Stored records

##############################

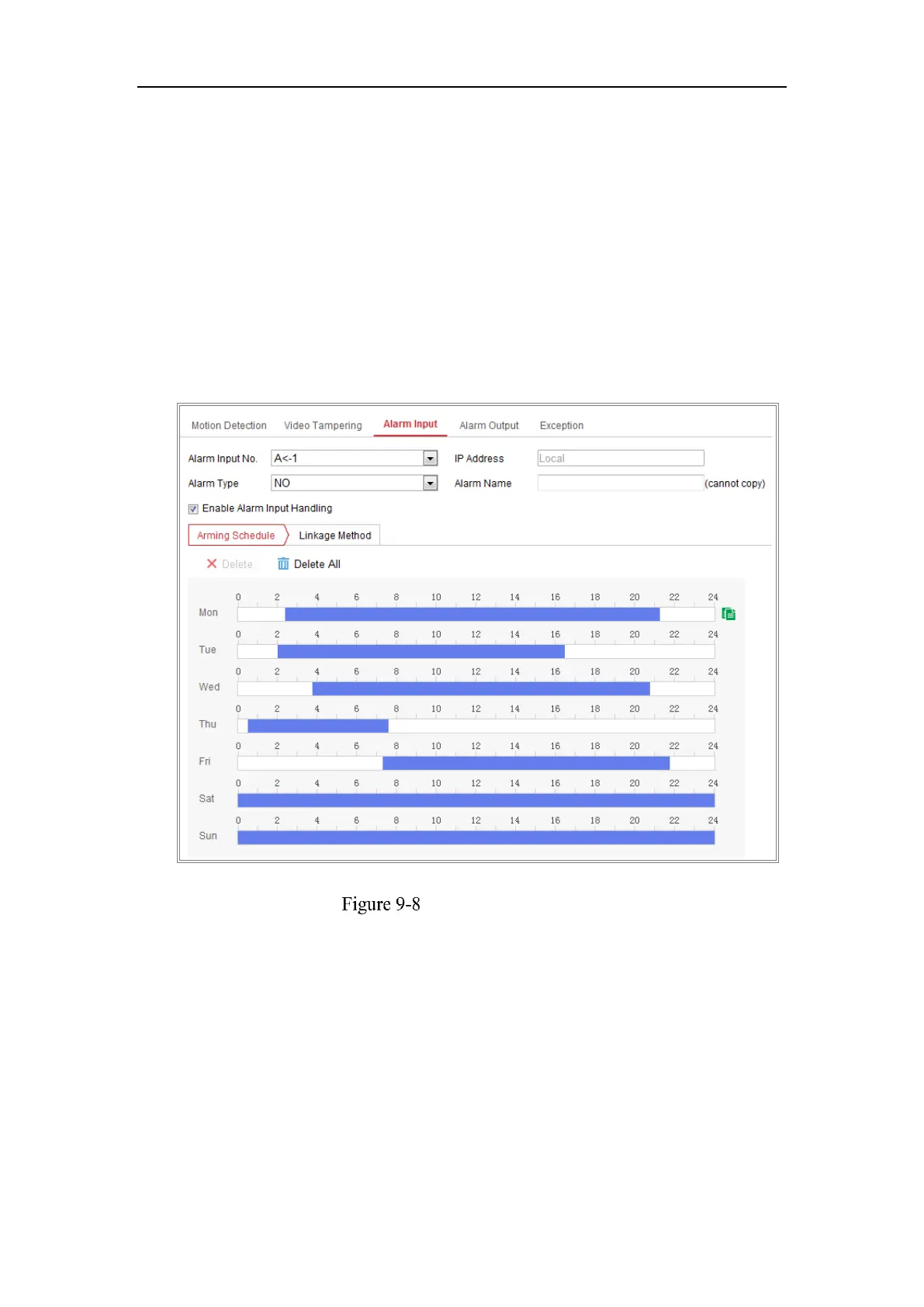 3. Click Arming Schedule to set the arming schedule for the alarm input. Refer to
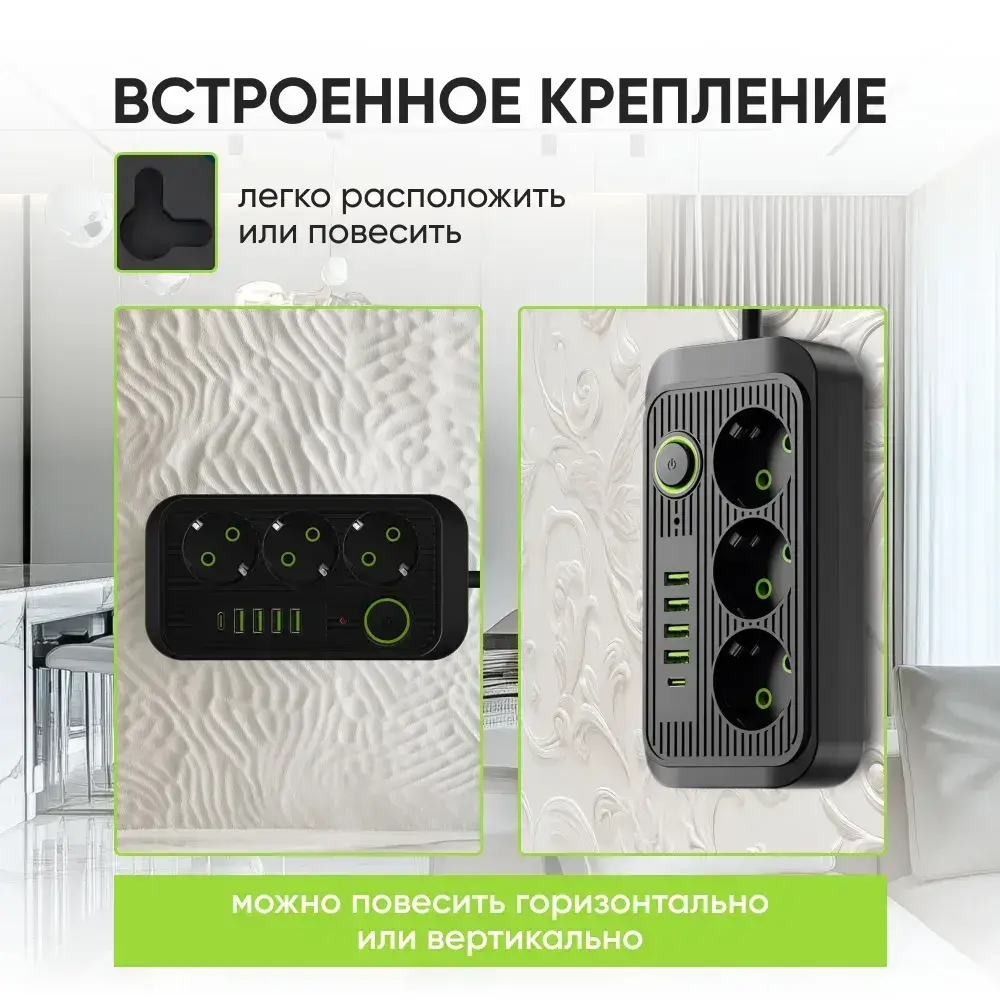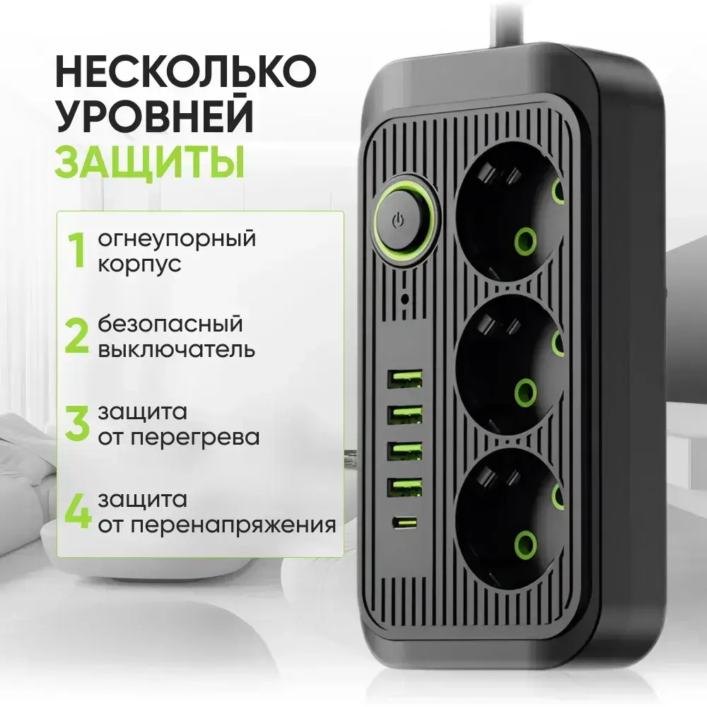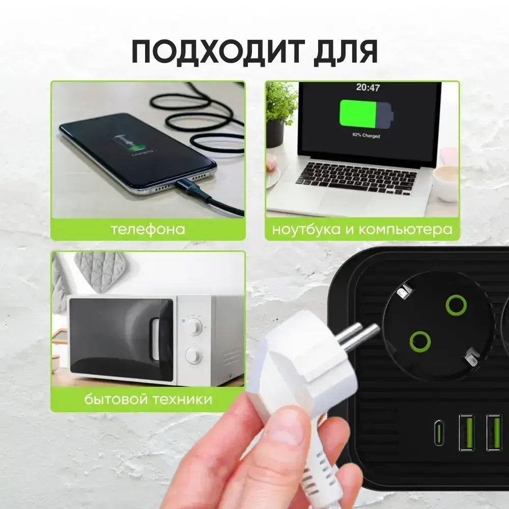 Сетевой фильтр 5 метров, на 3 розетки, удлинитель с usb пилот с type-c черный
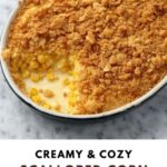 This Creamy Scalloped Corn Casserole Recipe pairs beautifully with hearty mains like roast chicken, glazed ham, or savory meatloaf. It also complements Southern classics such as collard greens or slow-cooked greens, making for a well-rounded and satisfying meal.
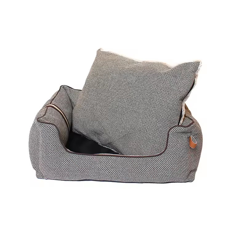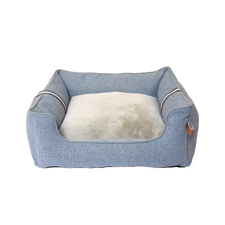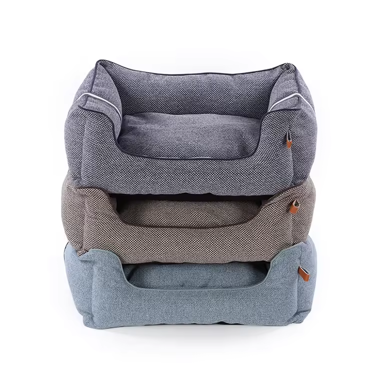 Washable Cover Blue Linen Jacquard Square Deluxe Pet Bed
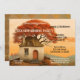 Convite de festas divertido para o lar, com uma pintura moderna de arte de uma casa com árvore ao estilo caprichoso.

##############################

=== TASK DESCRIPTION ===
Please transcribe, word for word, every line from the one containing "Washable Cover Blue" through the last line of the records, both included, and leave the pictures out.

=== EXPECTED ANSWER ===
 Washable Cover Blue Linen Jacquard Square Deluxe Pet Bed
 Convite de festas divertido para o lar, com uma pintura moderna de arte de uma casa com árvore ao estilo caprichoso.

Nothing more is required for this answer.